There’s no doubt that the current economic downturn and the continued environmental degradation of the planet are frightening. I’ll admit it: I’m scared. I believe we can solve these problems, but I am not 100 percent convinced we will. However, now that President Barack Obama has taken the helm, I’m more hopeful than I’ve been in years that progress can be made.
This point was made abundantly clear to me during the Sacramento Metro Chamber of Commerce’s annual Cap-to-Cap event, when I and nearly 300 other Sacramentans traveled en masse to our nation’s capital to speak with legislators on our region’s behalf.
It particularly hit home during a private meeting with Senate Majority Leader Harry Reid.
I jumped at the chance to meet Sen. Reid, because our sister paper in Reno is currently researching two complex but related issues in his arid home state of Nevada. The first is the state’s continuing water shortage, caused in part by the reliance on alfalfa, which accounts for the vast majority of Nevada’s agricultural production and requires intensive irrigation. The second and related issue concerns the lack of locally grown produce and food, which is vital not only for our health, but our survival in an energy-depleted future.

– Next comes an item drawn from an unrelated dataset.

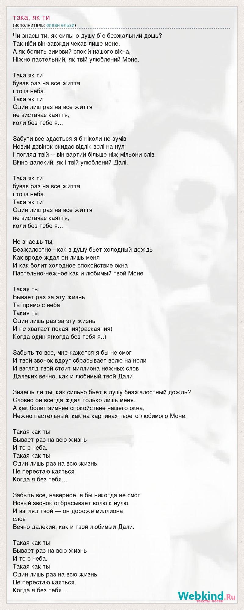 Чи знаєш ти, як сильно душу б`є безжальний дощь? Так ніби він завжди чекав лише мене. А як болить зимовий спокій нашого вікна, Ніжно пастельний, як твій улюблений Моне. Така як ти буває раз на все життя і то із неба. Така як ти Один лиш раз на все життя не вистачає каяття, коли без тебе я... Забути все здається я б ніколи не зумів Новий дзвінок скидає відлік волі на нулі І погляд твій -- він вартий більше ніж мільони слів Вічно далекий, як і твій улюблений Далі. Така як ти буває раз на все життя і то із неба. Така як ти Один лиш раз на все життя не вистачає каяття, коли без тебе я... Не знаешь ты, Безжалостно - как в душу бьет холодный дождь Как вроде ждал он лишь меня И как болит холодное спокойствие окна Пастельно-нежное как и любимый твой Моне Такая ты Бывает раз за эту жизнь Ты прямо с неба Такая ты Один лишь раз за эту жизнь И не хватает покаяния(раскаяния) Когда один я(когда без тебя я..) Забыть то все, мне кажется я бы не смог И твой звонок вдруг сбрасывает волю на ноли И взгляд твой стоит миллиона нежных слов Далеких вечно, как и любимый твой Дали Знаешь ли ты, как сильно бьет в душу безжалостный дождь? Словно он всегда ждал только лишь меня. А как болит зимнее спокойствие нашего окна, Нежно пастельный, как на картинах твоего любимого Моне. Такая как ты Бывает раз на всю жизнь И то с неба. Такая как ты Один лишь раз на всю жизнь Не перестаю каяться Когда я без тебя… Забыть все, наверное, я бы никогда не смог Новый звонок отбрасывает волю к нулю И взгляд твой — он дороже миллиона слов Вечно далекий, как и твой любимый Дали. Такая как ты Бывает раз на всю жизнь И то с неба. Такая как ты Один лишь раз на всю жизнь Не перестаю каяться Когда я без тебя…

Fortunately, there’s a single solution that addresses both problems: We can decrease water use and help local farmers by creating better marketing opportunities for produce through farmers’ markets and community-supported agriculture collectives, which provide boxes of seasonal, locally grown items such as produce, eggs, meat, cheese and flowers. Which is why I wanted to talk to Sen. Reid.
What’s amazing about talking to people like Sen. Reid is their vast breadth of knowledge. In 25 minutes, he covered the declining water levels in Walker Lake, the irrigation requirements for everything from tomatoes to alfalfa and changes in the U.S. Department of Agriculture’s approach to sustainability programs.
As he spoke, Reid tied the topics together with government policies; you could almost see policy being created, implemented and developed as he spoke.
While in D.C., I also met with people at the USDA, who gave me a sense of how different things are running now that the Obama administration has taken control. Issues such sustainable agriculture practices and water conservation are back on the table, as opposed to the previous administration, which favored politics over science.
In fact, throughout my four days in Washington, there was an underlying vibe that was felt but never said: Ding-dong, the witch is dead, and finally, we can get back to working for the American people.
Times of disaster, war and economic depression often remind us of not only how interconnected we are to each other, but also of the critical role the federal government can play in solving local problems. I left Washington feeling like we actually now have a government that can and will work with us.